Mosaic Inlay in Zuni Jewelry: The Stone-First Tradition

Mosaic inlay is the technique of cutting small pieces of turquoise, shell, coral, and jet to precise shapes, arranging them in a pattern on a silver backing, and securing them within a surrounding silver band. Despite the trade name "inlay," scholars have long noted the term is a misnomer: the stones are fitted and polished before the housing is made, making the result a mosaic rather than a true inlay. The technique is Zuni in origin and derivation, rooted in a lapidary tradition that predates silverworking by centuries.

Mateo's Field Notes

Bedinger caught the terminological problem squarely. As Sikorski observed in 1958, "The term 'inlay,' by now a fixture in the trade, is a misnomer since it implies, literally, a 'laying-in' of one surface into another. As the pieces are fitted and polished before the housing is made, the proper term would be 'mosaic.'" (Bedinger 1973, ~p. 145, citing Sikorski 1958:31) The confusion has historic weight: the technique Zuni artists developed in the twentieth century was a conscious revival and formalization of an ancestral practice.

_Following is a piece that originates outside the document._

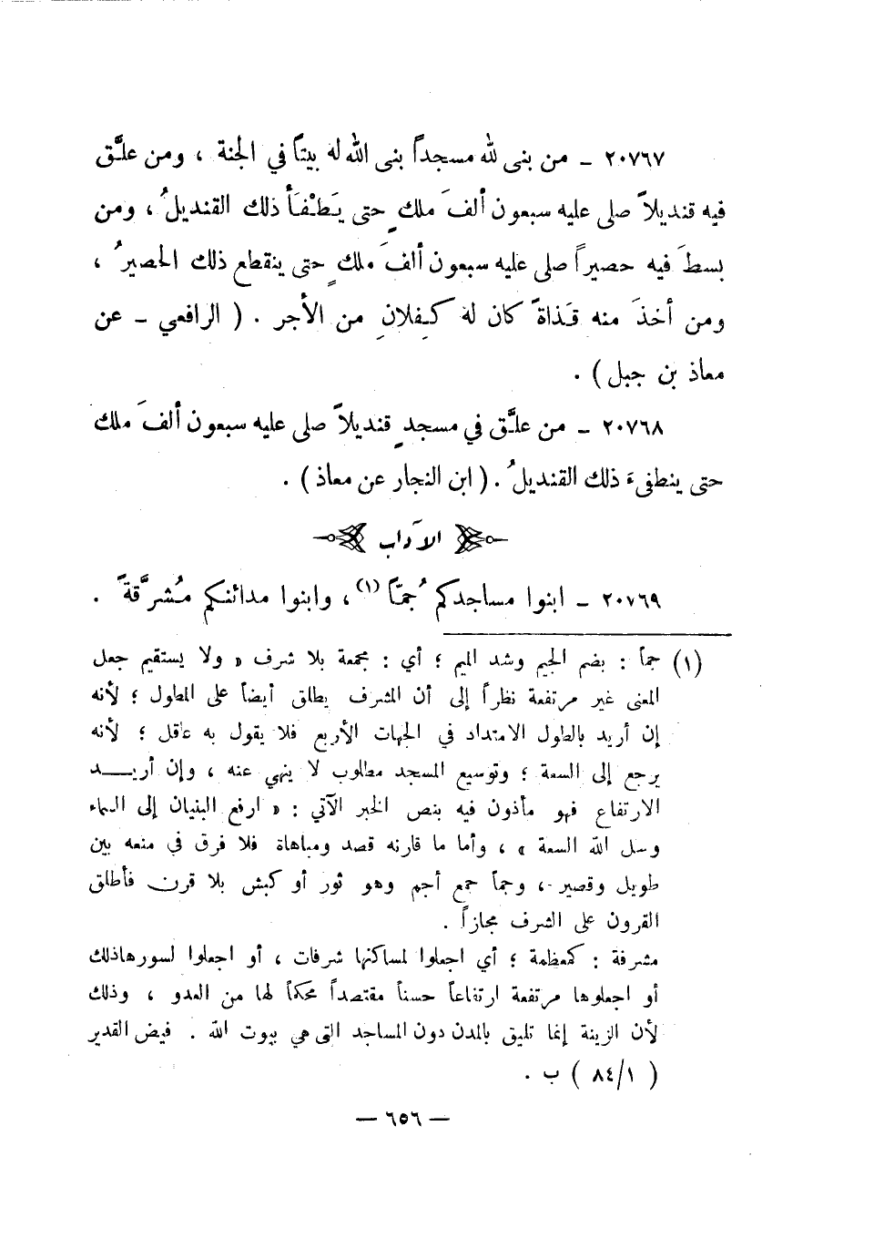 20767- من بنى لله مسجدا بنى الله له بيتا في الجنة، ومن علق فيه قنديلا صلى عليه سبعون ألف ملك حتى يطفأ ذلك القنديل، ومن بسط فيه حصيرا صلى عليه سبعون ألف ملك حتى ينقطع ذلك الحصير، ومن أخذ منه قذاة كان له كفلان من الأجر. "الرافعي - عن معاذ بن جبل".

The modern mosaic tradition traces to Teddy Meahke of Zuni. Kirk, writing in 1945, recorded that "stones for the first piece of historic inlay were cut by Teddy Meahke of Zuni about ten years ago [c. 1935], on a special order for Dr. F. W. Hodge, in a design copied from an ancient piece. Several of the Zunis were so interested in the revival that they in turn tried cutting stones for inlay work, using as inspiration for their designs, the religious art of their tribe." (Bedinger 1973, ~pp. 145–146, citing Kirk 1945:43) But Bedinger notes the record is not quite that clean: an inlay technique was already in use at least as early as 1927, suggesting Meahke's work was a formalization of ongoing experimentation rather than a first invention.

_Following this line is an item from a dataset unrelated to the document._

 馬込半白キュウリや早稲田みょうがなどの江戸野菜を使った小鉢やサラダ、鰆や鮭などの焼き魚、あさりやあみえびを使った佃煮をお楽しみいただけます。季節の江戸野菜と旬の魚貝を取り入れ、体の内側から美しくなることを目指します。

The four canonical materials in Zuni mosaic work — blue turquoise, white abalone shell, red spiny oyster, and black cannel coal (or jet) — appear in Bedinger's description of the Zuni pieces she examined: "Small pieces of blue turquoise, white abalone shell, red spiny oyster, and black cannel coal are arranged in a pattern on a silver backing, and the whole design is surrounded and held together by a silver band." (Bedinger 1973, ~p. 145) These four materials encode a color system — blue, white, red, black — that maps onto directional symbolism meaningful in Pueblo cosmology, though Bedinger does not attempt to detail the ceremonial dimension and neither do we.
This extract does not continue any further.